Looking specifically at the CPNP population within Canada, the rate of breastfeeding initiation is over 80%. In particular, those who received breastfeeding education and support were more likely to breastfeed (84%) than those who did not (75%). The cost savings that result from increasing the initiation and duration of breastfeeding, as is the program’s mandate, come from the costs of diseases avoided in the first year of life, such as gastroenteritis and otitis media and are based on hospital costs and direct physician costs (McMurchy, 2008). In a comparison between infants exclusively breastfed for at least three months and those who were never breastfed, it was estimated that in the first year, for every 1,000 infants not breastfed, there were 2,033 excessive physician visits, 212 extra days in hospital and 609 extra prescriptions related to respiratory infection, gastroenteritis and otitis media (Ball, 1999).
Based on the rates of breastfeeding among CPNP participants, each infant born to a mother who received support would avoid an average of $42 in hospital costs in the first year of life as a result of diseases prevented. Note that this very conservative estimate does not include medication costs, laboratory or diagnostic tests and other direct health care costs. Nor are any indirect costs included such as transportation, lost parental wages, or childcare costs for other children. As a result of this conservative approach, the estimated cost saving do not fully demonstrate the considerable impact of breastfeeding on infant health. These savings increase with the presence of certain risk characteristics, as illustrated in Table 16.
Among CPNP participants, those who did not breastfeed at birth were significantly more likely to report that their infants had respiratory problems (55% more likely) or a heart problem (43% more likely) within the first two weeks of life. As illustrated in Table 17, the rates of respiratory conditions and heart problems in CPNP newborns based on whether or not they were breastfed can have a significant impact on the cost of their health care. Infants who are not breastfed incur greater health care costs for these conditions – ranging between $12 and $40 dollars per infant – than those who are breastfed.
(McMurchy, 2008; PHAC CPNP - ICQ2) * Assumes 50% hospitalization rate.

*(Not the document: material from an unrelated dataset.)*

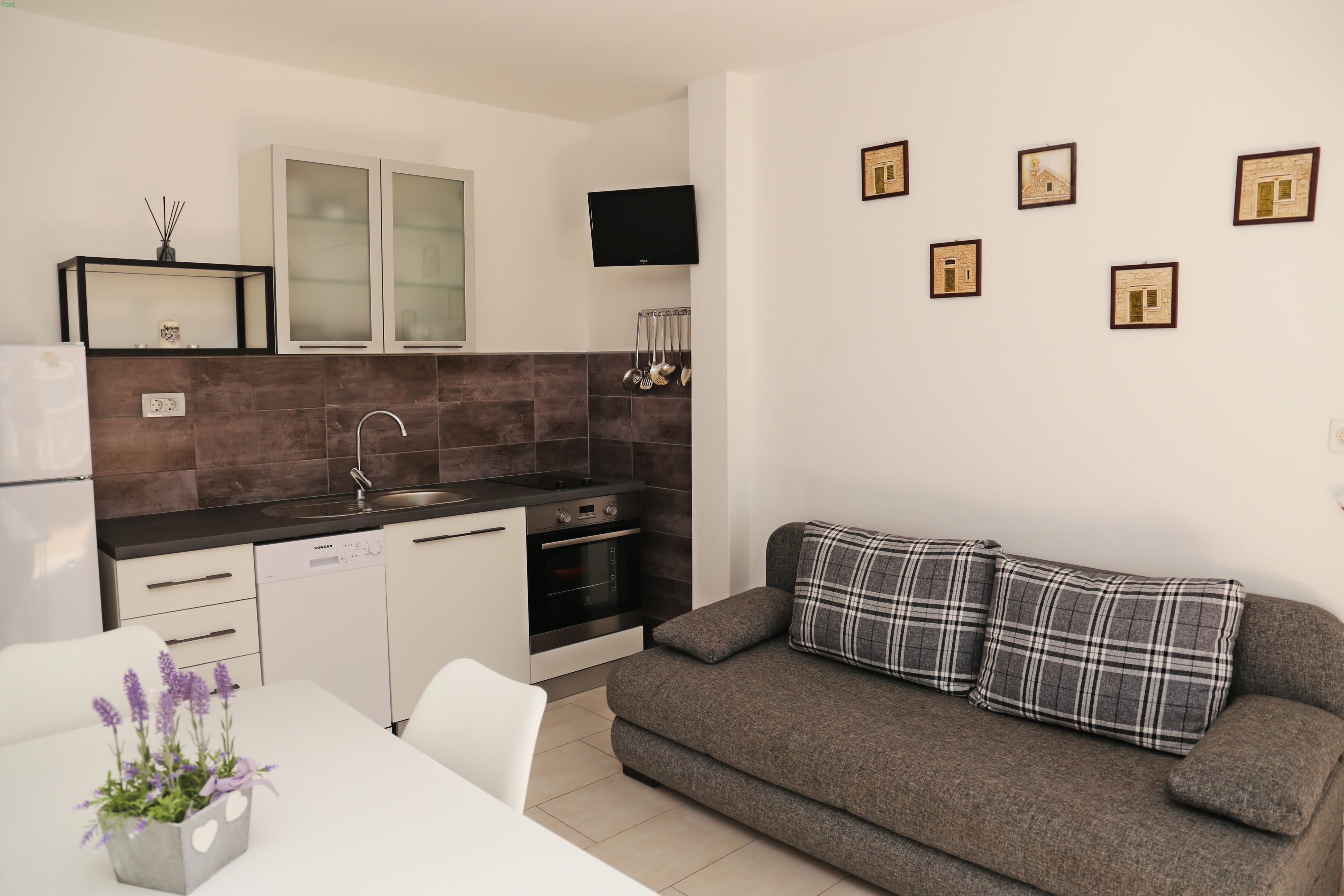 Apartment can accommodate 6 guests. Beds are situated in 3 sleeping rooms, within 66m2. Guests can use a private terrace to enjoy the warm summer evenings. The apartment offers the sea view. Food can be prepared using barbecue which is shared with other guests too. During stay, there is a private pool for relaxation and pleasure. Notthe rooms of the booked accommodation unit are connectedone whole. INCLUDED IN THE PRICE: tourist tax, final cleaning, air-conditioning, pool, parking, internet, laundry, boat mooring, baby cot, additional bed, iron, ironing board, hairdryer, sunshade, sunchairs. The availability of additional services for your chosen dates of stay, as well as their prices (if none are listed) must be checked ahead of time. Any additional services not shown in the price calculation are payable directly to the property owner and only if used by the visitor.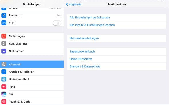 Methode 4. iPad auf Werkseinstellungen zurücksetzen

Although modeling the rates and costs associated with breastfeeding outcomes can provide an estimate of potential cost savings, more precise and detailed cost information could be derived by analysing the health care utilization of a cohort of pregnant women and their infants from birth up to age one or more years.
Overall, the findings above have established that CPNP is a cost efficient program, specifically in its efforts to increase rates of breastfeeding and decrease rates of LBW. The evidence from the research literature illustrates that CPNP is providing cost savings in relevant areas. With an average cost per client of $1,000 or less, and by leveraging resources worth over 50% of the program’s funding through in-kind resources, the program is operating in a cost-efficient manner. Additionally, when the costing analysis of the program was conducted, cost savings for both main program objectives of reducing the risk and incidence of LBW and increasing the initiation and duration of breastfeeding, were found. Given that the comparison group was the general Canadian population, and not a population experiencing equivalent risk, the results are impressive. Based on the 17,689 CPNP participants included in this analysis, the cost savings provided by CPNP is $1.6 million.